WHEREAS, City desires to obtain consulting services for the purpose of Below Market
Rate Housing Program Administration; and
WHEREAS, Consultant represents that it has the expertise, means, and ability to perform
said Below Market Rate Housing Program Administration.
NOW, THEREFORE, in consideration of each other's mutual promises, Consultant and
City agree as follows:
1. DUTIES OF CONSULTANT
1.1 Consultant agrees to perform services as set forth in Exhibit A- Scope of Services,
attached hereto and incorporated herein by reference, and which shall be interpreted together and
in harmony with this Agreement.
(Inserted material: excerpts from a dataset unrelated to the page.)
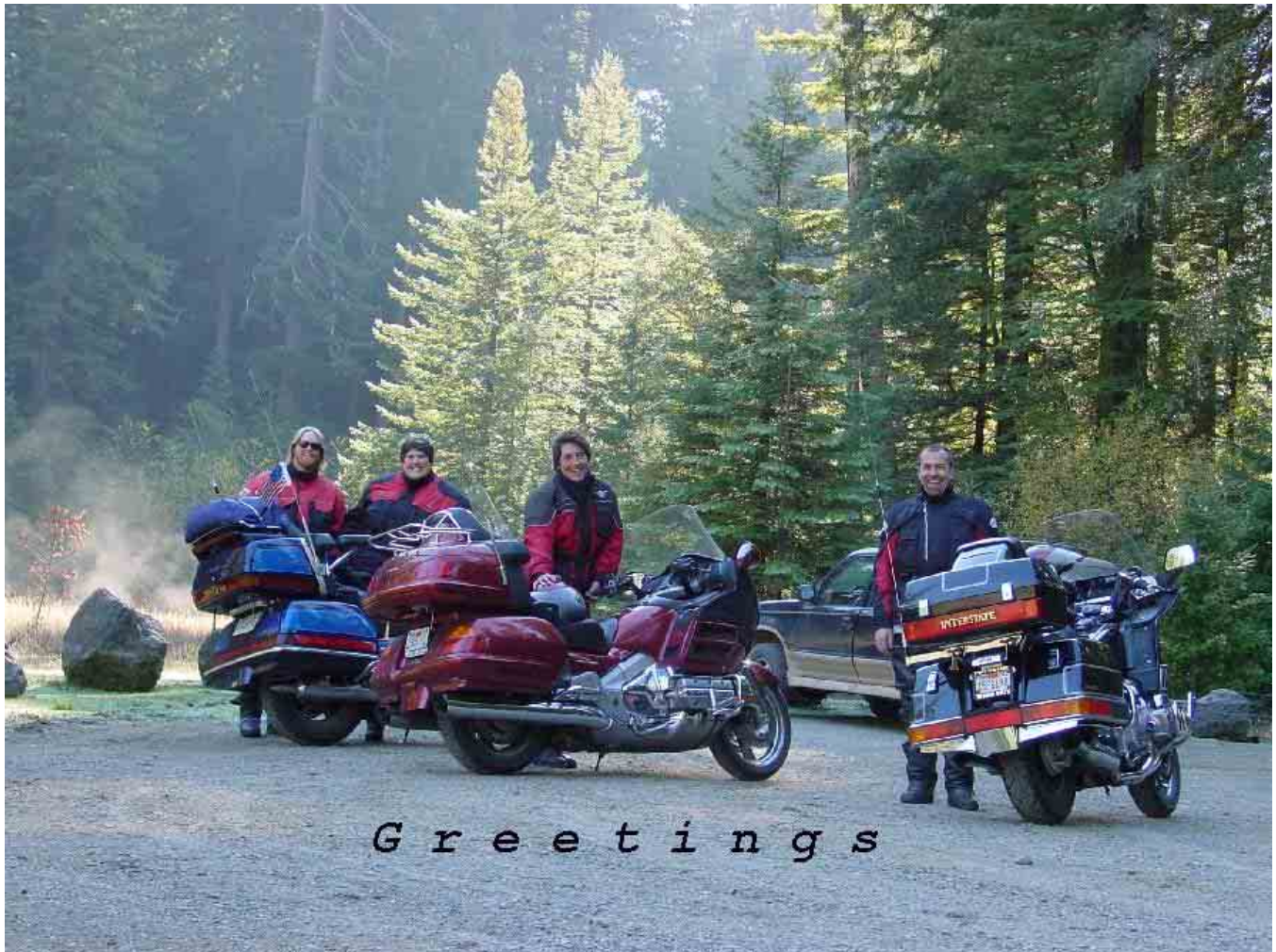
Browning's & Kappenberger's on Tour
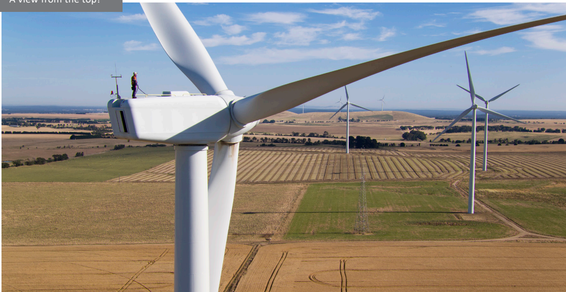
A view from the top!

Wishing you all a happy and safe festive season, Cameron.
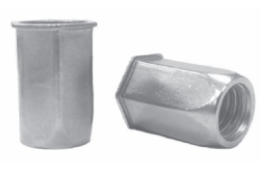
Full Hex Small
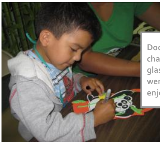
Door hand, key chains , rainbow glasses and more were made and enjoyed.
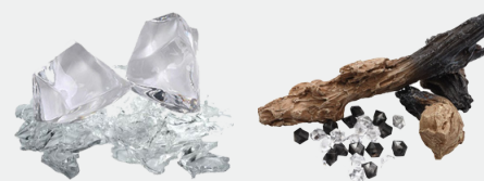
Crystal and Log sets included
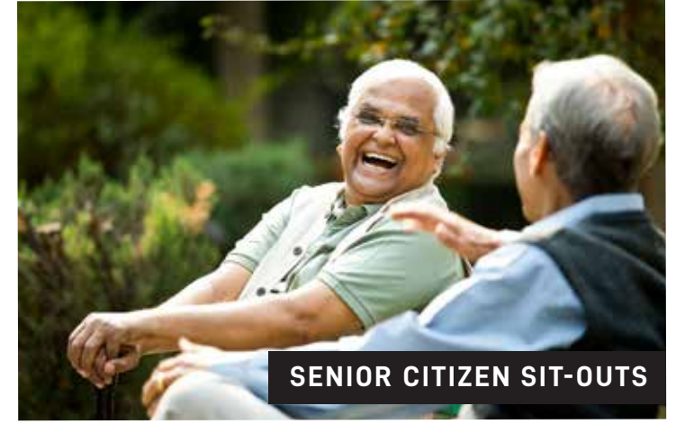
SENIOR CITIZEN SIT-OUTS
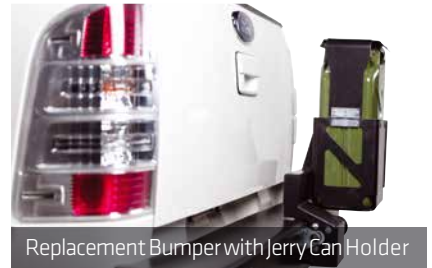
Replacement Bumper with Jerry Can Holder
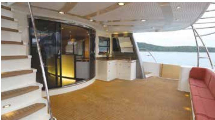
View of Cockpit
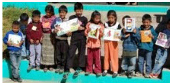
School children (Chixolis) where we work when they received storybooks for their classrooms for the first time.
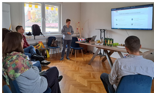
CROSSDA - Workshop on science data archives
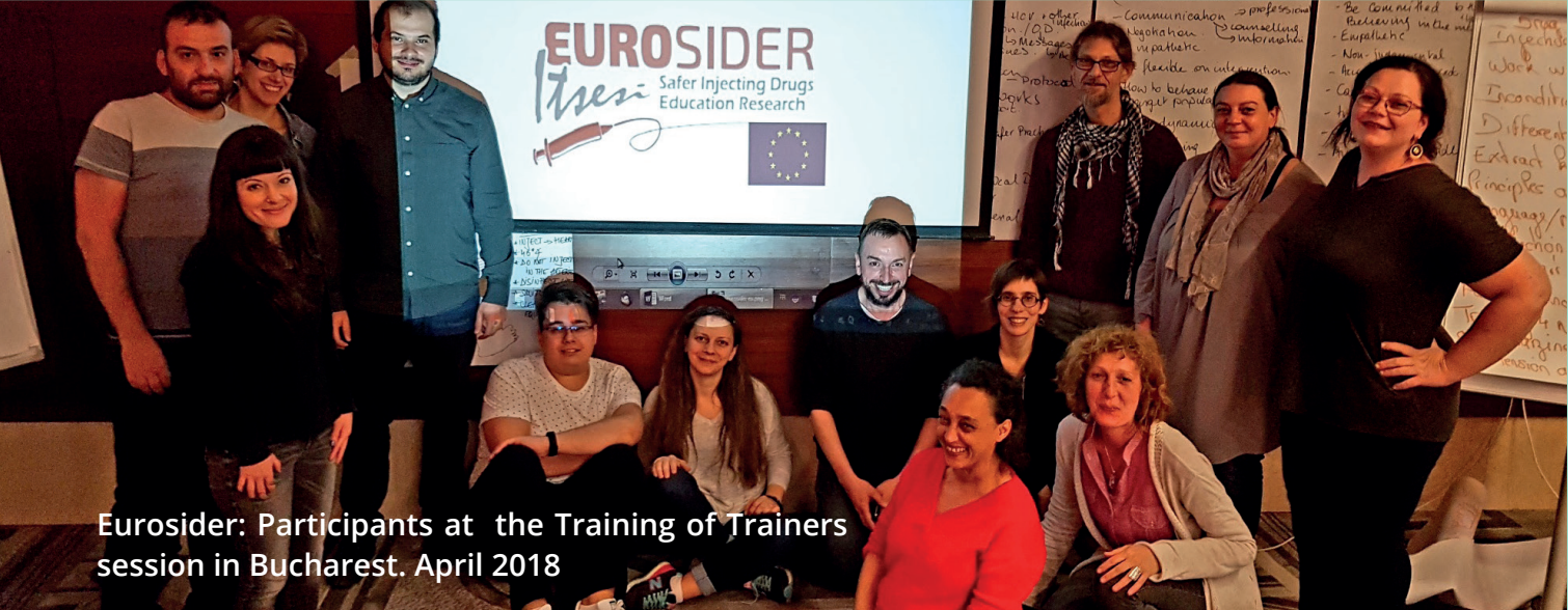
Eurosider: Participants at the Training of Trainers session in Bucharest. April 2018

PROMOTE COMMUNITY OUTREACH through mobilisation and capacity building, community-based research and advocacy.
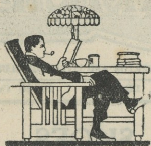
The Battle Eve "Duets."

To-day everybody that is anybody in the Cup is "living in hopes." Eight clubs, eighty-eight players, every official and director concerned, and half a million thick and thin supporters are at the moment packed full with hope. In fact to-day may be called the Cup's Cape of Good Hope stage, wherein those directly interested can sort of spy the goldfields just around the corner. But, more important still is the honour of it all. Eight potential Cup winners and all eager to go over the top, to do or die. For victory to-day means entry into the select circle, to be handed down to posterity as the 1933 Cup semi-finalists.
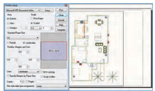
Print Setup and Layout
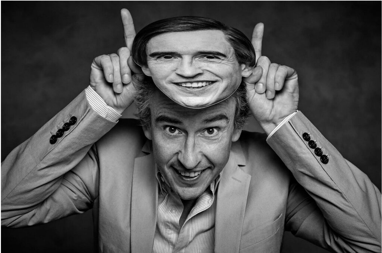
Charlie Gray Steve Coogan, photographed with an Alan Partridge mask for Empire, 2015 Gelatin silver print 26 1/2 × 40 in | 67.3 × 101.6 cm Frame included Edition AP + 1AP
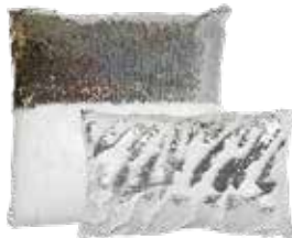
Sequin in White-Silver
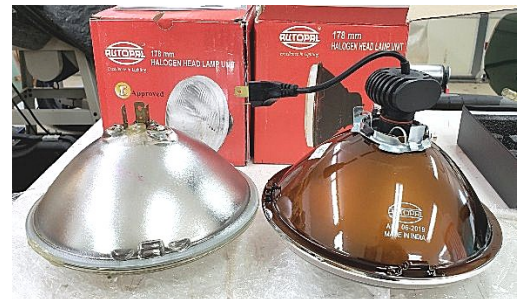
Halogen sealed beam headlight, left. Replacement LED semi-sealed beam unit, right.

While the car is undergoing these upgrades and repairs I decided to seek professional help. No, with my erratic generator charging. The generator, voltage regulator and battery were removed and taken to a generator/alternator/starter repair shop in San Antonio. As it turns out the generator has some internal parts that are burnt, and the 6 year old battery isn't holding a charge. Replacements have been ordered. When they arrive then the status of the regulator can be checked.
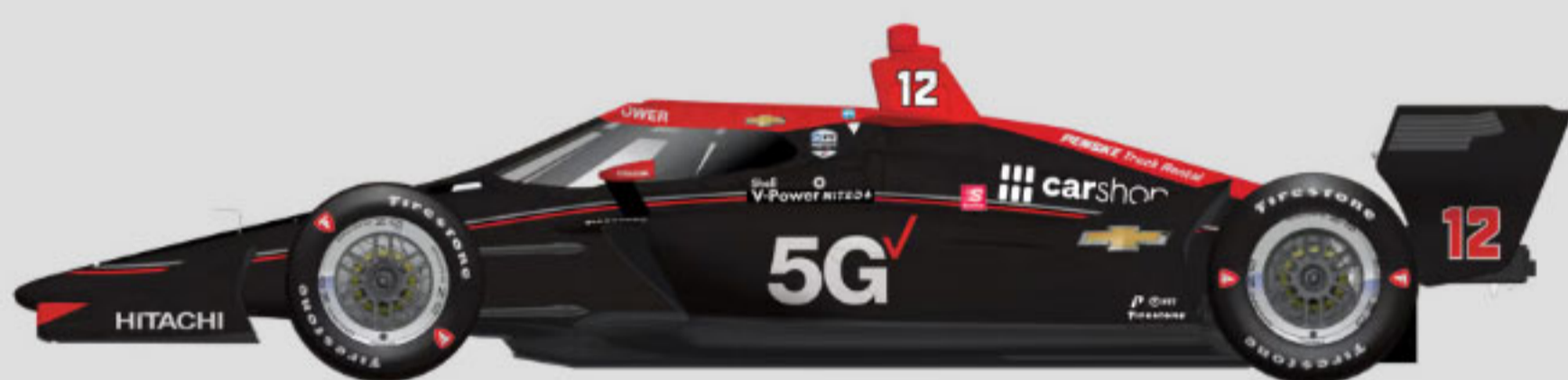
#12 WILL POWER F

In the event of any conflict between Exhibit A and this
Agreement, this Agreement shall govern, control,.and take precedence.
1.2 Consultant's project manager will meet with the City's project coordinator prior to
commencement of the project to establish a clear understanding of the working relationships,
authorities, and management philosophy of City as it relates to this Agreement.
1.3 Consultant, working with the City, will gather available existing information
concerning the project, and shall review documents as necessary for compliance with the project's
objectives.
1.4 In performance of this Agreement by Consultant, time will be of the essence.
1.5 Notwithstanding Section 1.4, Consultant shall not be responsible for delay caused
by activities or factors beyond Consultant's reasonable control, including delays or by reason of
strikes, work slow-downs or stoppages, or force majeure.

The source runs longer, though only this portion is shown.